So there you were, scooping the water with zest and zeal. SPLASH! “OH, NO MY HAIR! THE HAIR DRESSER DID IT JUST THIS MORNING,” the shaken old dear would cry. You would apologise profusely but the damage had already been done. You know how these old people would relay their story to everyone within earshot about how this horrible man did this even to the extent of narrating the story to you unbeknown to them that you were the culprit in question!

Work was hard and at times some people would nod off during handover because of the strain. Interestingly enough, no one ever came from Zimbabwe and everyone was a nursing student. Everyone either came from South Africa, the most popular, Malawi or Zambia. But you couldn’t hide your identity forever.

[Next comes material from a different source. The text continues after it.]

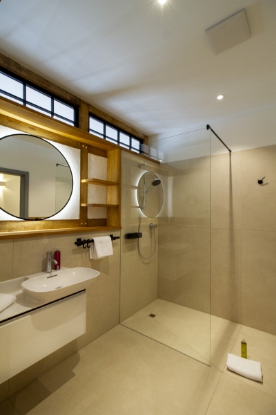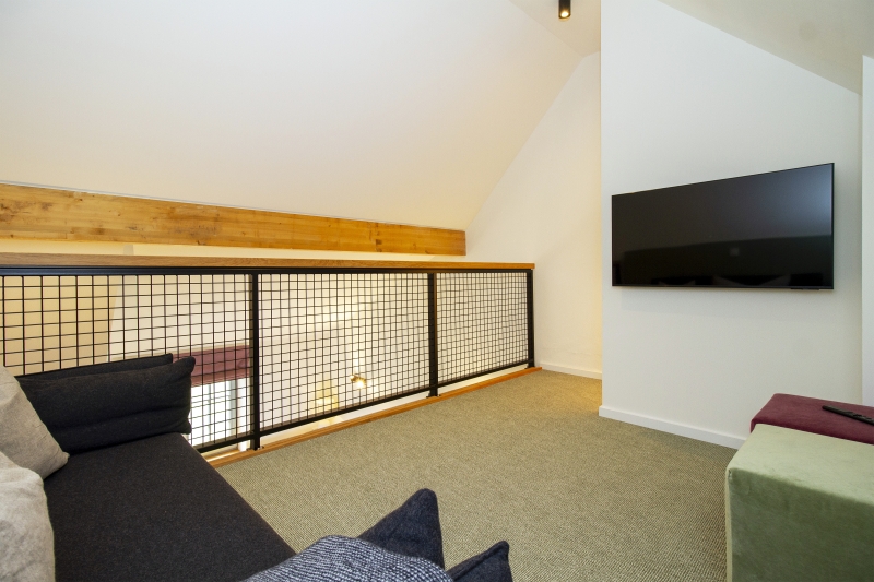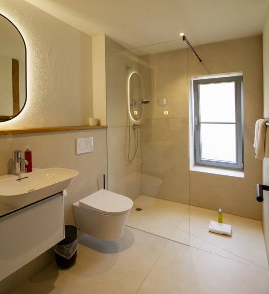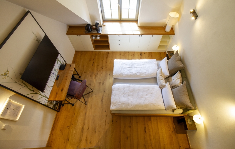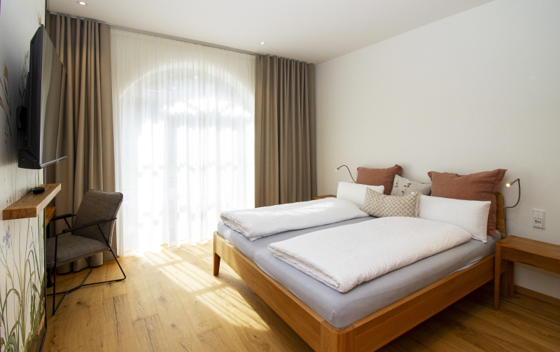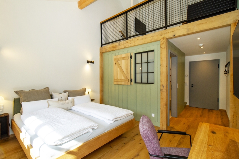 Die neue „Scheune“ ist dagegen vorrangig an Ansprüchen von Urlaubsgästen orientiert. Sie bietet beispielsweise Zimmer mit versteckbaren Doppelstockbetten, die auf Wunsch zum Raum für die ganze Familie gestaltet werden können. Im Erdgeschoss sind zwei barrierefreie Räume zum Repertoire hinzugekommen. Alle Zimmer verfügen über Außenflächen in Form von Balkon oder Terrasse.

There were equally interesting encounters in industry. “What machinery do you drive?” Your cousin Matthew had told you the more boxes you tick, the higher the chances of you getting shifts. Forklift Operator - tick, Pneumatic drill Operator - tick, Excavator Operator - now what does this thing do? - Tick, Skid Steer, err, tick, Crane - tick, now that that looked so impressive. Had these people in England ever heard of the concept of LYING? Not here, I suppose if you indicated you could do it, you could.

One such adventurous chap found himself having to walk the walk as well as he had talked the talk. Forklift operator - tick. Yes, the AGENCY wanted a Forklift Operator and there he was, or should I say, there he wasn’t. But since he had committed it to paper, he had to have the experience.

Our resourceful friend had a trick up his sleeve. What do most workers in the UK love most? Answer: ciggies or cigarettes to you. By some stroke of luck our friend had stumbled upon cheap cigarettes and that is how he disguised his lack of expertise on the forklift. He handed out the cigarettes as gifts/bribes.

Having provided such a rare commodity, his fellow workers turned a blind eye to his shoddy workmanship or let us say lack of dexterity in manoeuvring the machinery. But everything has to come to an end some time.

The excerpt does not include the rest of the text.